Nun liegen Informationen vor, wonach in den vergangenen Tagen die Temperatur im Inneren der Ruine von Block II auf 82 Grad Celsius gestiegen ist. Eine Erklärung hierfür kann TEPCO nicht bieten. Für den Temperaturanstieg sind zwei mögliche Ursachen denkbar. Zum einen kann es durch Trümmerteile verursacht eine Verstopfung oder ein Hindernis bei der nach wie vor weitgehend unkontrolliert ablaufenden Kühlung des Reaktorkerns durch eingepumptes Wasser gekommen sein. Die Nachzerfalls-Wärme kann in diesem Fall nicht ausreichend abgeführt werden und dies verursacht einen Temperaturanstieg. Als zweite mögliche Ursache kommt in Betracht, daß es zu einer - vielleicht lokal begrenzten - Rekritikalität der Kernschmelze gekommen ist. Diese hatte sich ganz oder teilweise durch den Boden des stählernen Reaktordruckbehälters gefressen und befindet sich - bisher nicht näher lokalisiert - irgendwo im oder unter dem Fundament von Block II. Vermutlich weist die lavaähnliche Masse der geschmolzenen Brennelemente noch eine Temperatur von über 3000 Grad Celsius auf.
Nach wie vor geben weder TEPCO noch die japanische Regierung Daten über die Messung von radioaktivem Jod heraus. Denn aus diesen Daten könnte darauf geschlossen werden, ob und in welchem Umfang aktuell Kernspaltungen in der Ruine stattfinden. Die Reaktor-Ruinen können nach wie vor wegen der extremen Strahlenbelastung und hoher Temperaturen nicht betreten werden.
Nach eigenen Angaben hatte die TEPCO-Mannschaft vor Ort schon seit dem 1. Februar einen Temperaturanstieg in der Ruine von Block II registriert. Am Dienstag, 7. Februar, sei damit begonnen worden, mehr Kühlwasser einzuleiten - zu diesem Zeitpunkt hatte die Temperatur laut TEPCO 73 Grad erreicht. Falls diese Aussagen tatsächlich zutreffen und es überhaupt möglich ist, den Zufluß zu erhöhen, bietet eine solche Maßnahme "im Blindflug" allerdings keine Gewähr, daß das Wasser auch dorthin gelangt, wo Wärme abgeleitet werden müßte.

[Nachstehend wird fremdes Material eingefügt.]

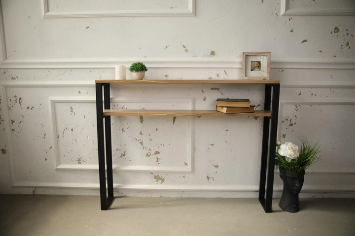 Консоль розбірна в стилі лофт, полиця підлогова з дерева та металу, декор кімнати 120х20х90 см (ML-101.6)
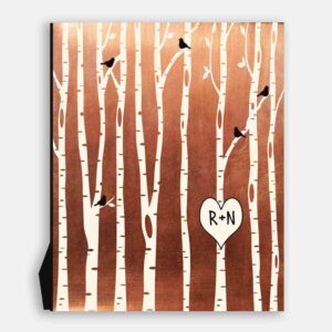 7 Year Anniversary Birch Trees Forest Wedding Gift Faux Copper Bare Trees 7th Seven Year Copper Personalized #1428

Und wieder heißt es TEPCO, es werde nun Borsäure eingeleitet. Dies ist nicht mehr als der Versuch, den Eindruck zu erwecken, die Vorgänge im Inneren der Ruine könnten gesteuert werden. Tatsächlich jedoch deutet diese Aussage viel mehr darauf hin, daß der vermeintlich erhöhte Wasserdurchsatz ohne die erwünschte Wirkung geblieben ist. Borsäure dient in der Reaktortechnik dazu, Kernreaktionen abzubremsen. Es ist offensichtlich, daß die Lage vor Ort weiterhin außer Kontrolle ist.
TEPCO erhält derweil weitere Milliarden an Staatshilfen. Die japanische Regierung beschloß heute zusätzliche Hilfen in Höhe von 689,4 Milliarden Yen (6,7 Milliarden Euro), damit der Konzern überhaupt weiter den Entschädigungszahlungen nachkommen kann.Die Summe der bewilligten Steuergelder beläuft sich bereits auf mehr als 1,5 Billionen Yen (rund 14 Milliarden Euro). Allgemein wird erwartet, daß TEPCO verstaatlicht wird, um so die Finanzmittel für die anstehenden Entschädigungszahlungen und Aufräumkosten zur Verfügung zu stellen. Unter den derzeit in Japan gegebenen politischen Bedingungen können die übrigen Atom-Konzerne nicht zu Zahlungen herangezogen werden.